A novel foraging algorithm for swarm robotics based on virtual pheromones and neural network

https://doi.org/10.1016/j.asoc.2020.106156Get rights and content

Highlights

  • A novel neural network based pheromone model of swarm foraging behavior.

  • An optimization method of key parameters for cooperative swarm foraging with mathematical modeling.

  • A cooperative foraging algorithm based on neural network and the optimization method.

Abstract

Swarm robotics is an emerging interdisciplinary field that has many potential real-world applications. Swarm robotics aims to produce robust, scalable, and flexible self-organizing behaviors through local interactions from a large number of simple robots. In this paper, a novel pheromone model of swarm foraging behavior is developed based on a neural network. The output of a single neuron corresponds to the density of a pheromone, which diffuses to neighboring neurons through their local connections. A neural network is updated based on the proposed evaporation model. Neural networks can often mimic the dynamics and features of pheromones. Therefore, in this work, we develop an optimization method to determine the key parameters of cooperative foraging based on mathematical modeling. The differential equation variables represent the number of foraging robots assigned different tasks. The solutions of the differential equations represent the dynamics of the foraging behavior. The key parameters that affect task allocation are determined to make optimal decision rules. Simulation experiments are conducted under different foraging scenarios. The experimental results demonstrate the effectiveness of the proposed pheromone model.

Introduction

Swarm intelligence is a discipline inspired by nature, especially social insects. This discipline focuses on the collective behavior of social swarms [1]. The desired swarm behavior emerges from a set of simple rules and the local interactions of a large number of homogeneous and simple individual robots. The self-organizing coordination mechanisms of social insects have been effectively implemented in swarm robotic systems [2], [3], [4]. The application of swarm intelligence in robotics is known as swarm robotics, which has been successfully applied to different fields, such as self-driving, delivery robots, autonomous agricultural robots and automated warehouses [reviewed in 5].

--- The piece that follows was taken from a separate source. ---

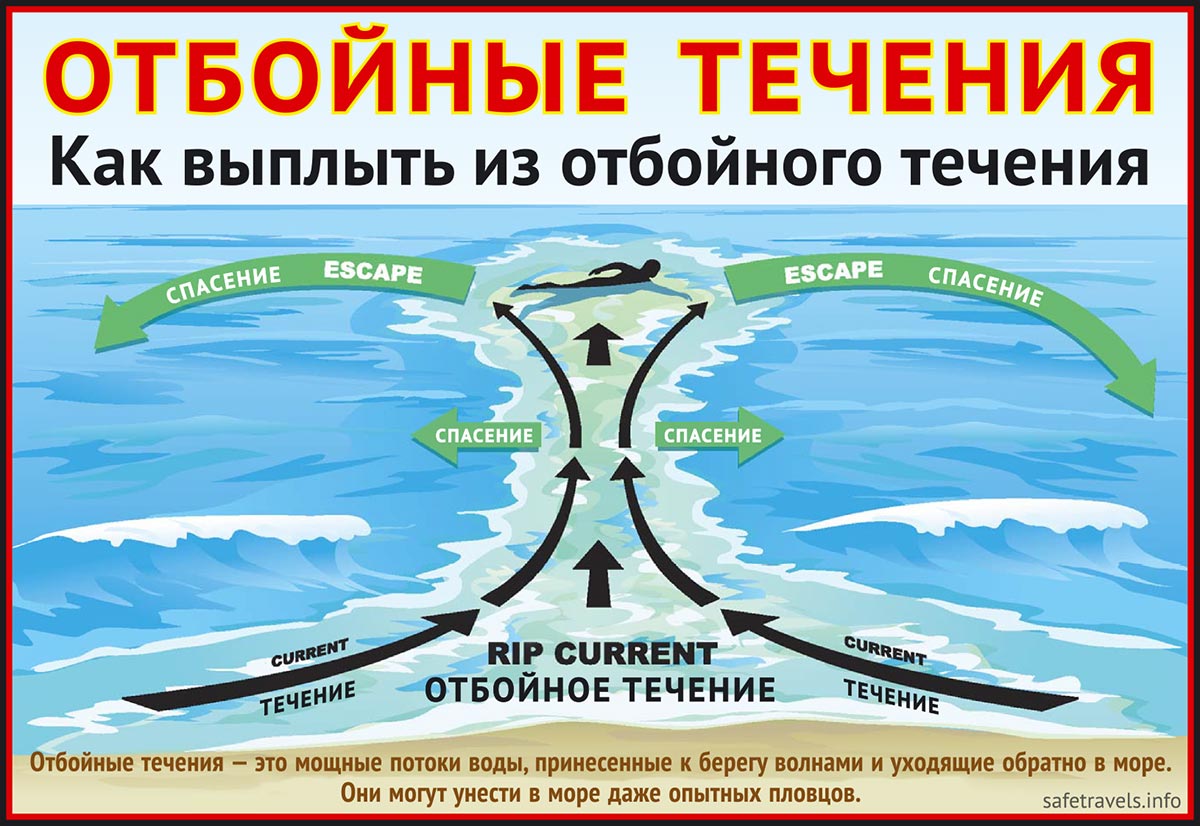 Отбойные течения возникают именно у берега. Поэтому если вы не умеете плавать не стойте у берега в одиночку и ни когда не игнорируйте предупреждающие знаки.

Swarm robotics are a relatively new approach to designing robust, scalable, and flexible collective behaviors in which swarm intelligence techniques are applied. Many different schemes for emerging collective behaviors have been proposed during recent years, such as fully distributed architecture (ALLIANCE) [6], parallel multi-agent architecture [7], task-oriented hierarchical control architecture [8], neural-endocrine architecture [9], cooperative architecture [10], and modular multi-agent architecture [11]. To date, a complete theoretical framework that constructs a control architecture for group behavior does not fully exist. In recent years, nature-inspired metaheuristic algorithms have been applied to swarm robotics applications. The most well-known swarm-based algorithms are: particle swarm optimization [12], ant colony optimization, bee algorithm [13], and fish-swarm algorithm [14]. The remarkable success of using social animal behavior to model emerging collective behaviors provides a best-known paradigm for swarm robotics. In addition, macroscopic modeling has been available to understand the individual robot characteristics and gain insight into the design and analysis of swarm robotics behaviors [15], [16], [17], [18]. Mathematical models are typically abstract versions of swarm robotics and are usually based on Markov processes. In practical implementations, thoughtful work must be performed to overcome the limitations of the models.

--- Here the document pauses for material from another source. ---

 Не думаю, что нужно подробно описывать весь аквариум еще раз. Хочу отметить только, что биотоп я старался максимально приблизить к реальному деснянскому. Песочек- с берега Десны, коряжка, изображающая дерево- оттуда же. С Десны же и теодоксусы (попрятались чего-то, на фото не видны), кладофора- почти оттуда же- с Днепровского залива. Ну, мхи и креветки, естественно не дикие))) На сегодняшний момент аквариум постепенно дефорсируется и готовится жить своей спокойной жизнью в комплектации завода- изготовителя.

Although some emerging behavior models have been implemented in some swarm robotics platforms, the dynamic real-time control of a swarm robotic system is still considered challenging. Swarm foraging behavior is a classical benchmark problem in swarm robotics. The biggest challenge is to develop a self-organizing search and collection algorithm for swarm robotic foraging behaviors. This work targets two main contributions: to propose a novel neural network-based pheromone model of swarm foraging behavior and to study the optimization method for key parameters of cooperative swarm foraging with mathematical modeling. In this paper, a novel pheromone model of swarm foraging behavior is developed based on a neural network. If the foraging robots secretes pheromones, a corresponding neuron output will increase. The output will diffuse to neighboring neurons through local connections. Therefore, the output of the neural network will be updated based on the proposed pheromone evaporation model. The evolution of the neural network can mimic the features of pheromones. A parameter optimization algorithm, based on differential equations, is proposed in this work. The key variables of a set of rate equations are indexed by the number of foraging robots assigned to different tasks. Theoretical analysis shows that the waiting time of scouting robots to deliver food items is a critical parameter that affect the cooperation rate. We determine the optimal parameters of cooperative foraging to make the optimal control strategy. In addition, we present various scenarios that verify the effectiveness of the proposed pheromone model for cooperative swarm foraging.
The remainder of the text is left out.